TRIBUNAL DE JUSTIÇA DO ESTADO DO PIAUÍ
ÓRGÃO JULGADOR : 2ª Câmara Especializada Criminal
RECURSO EM SENTIDO ESTRITO (426) No 0019723-54.2007.8.18.0140
RECORRENTE: JAILSON DA SILVA NASCIMENTO
RECORRIDO: PROCURADORIA GERAL DA JUSTICA DO ESTADO DO PIAUI
RELATOR(A): Desembargador JOSÉ VIDAL DE FREITAS FILHO
EMENTA
Ementa: DIREITO PENAL E PROCESSUAL PENAL. RECURSO EM SENTIDO ESTRITO. HOMICÍDIO QUALIFICADO. LEGÍTIMA DEFESA. NÃO RECONHECIMENTO. EXCLUSÃO DA QUALIFICADORA DE MOTIVO TORPE. IMPOSSIBILIDADE. RECURSO DESPROVIDO.
1. Recurso em Sentido Estrito interposto por Jailson da Silva Nascimento contra a sentença que o pronunciou pela prática de homicídio qualificado, nos termos do art. 121, § 2º, I, do Código Penal, em relação à vítima Alysson de Castro Santos. O recorrente requereu: (i) absolvição sumária com base no art. 415, IV, do Código de Processo Penal, em razão de legítima defesa; e (ii) afastamento da qualificadora do motivo torpe, caso mantida a pronúncia.
2. Há duas questões em discussão:
(i) determinar se estão presentes os requisitos para reconhecimento da legítima defesa e consequente absolvição sumária; e
(ii) avaliar se a qualificadora do motivo torpe poderia ser excluída na fase de pronúncia.
3. O reconhecimento da legítima defesa exige prova inequívoca de que o acusado repeliu injusta agressão, atual ou iminente, usando moderadamente os meios necessários.
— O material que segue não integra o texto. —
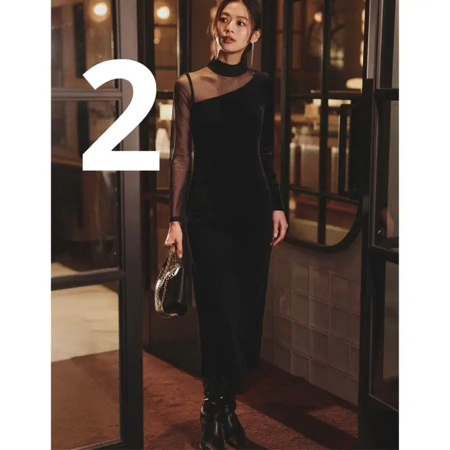 데콜테와 소매에 비침이 있는 스트레치 튤을 조합한 디자인이 센슈얼하고 모드한 인상을 더합니다.
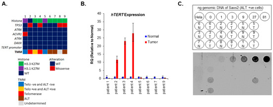 TMM in pHGG. (A) Graphical summary of gene mutation status and associated TMM in our DIPG cohort. Each column represents one patient. (B) Evaluation of hTERT expression by qPCR. Error bars represent the standard error of the mean from two different experiments run in triplicates. Due to a limited amount of tissue sample, patient 8 is not shown. (C) Dot blot of the C-Circle assay to evaluate ALT activity. Serial dilutions of Saos2 were used as a positive for ALT control and HeLa cells were used as negative control for ALT. N = normal, T = tumor.

Não havendo certeza incontroversa sobre a ocorrência de todos os requisitos legais, a análise do mérito deve ser submetida ao Tribunal do Júri, juízo competente para decidir crimes dolosos contra a vida.
4. O conjunto probatório, incluindo laudos periciais e depoimentos, não evidencia de forma cabal que o acusado agiu em legítima defesa, sendo razoável a manutenção da pronúncia.
5. A exclusão de qualificadoras na fase de pronúncia só é admitida quando manifestamente improcedentes, o que não se verifica no caso do motivo torpe. A alegação de que a conduta decorreu de animosidade prévia entre as partes não elimina a possibilidade de configuração da torpeza, sendo necessária a análise pelo Conselho de Sentença.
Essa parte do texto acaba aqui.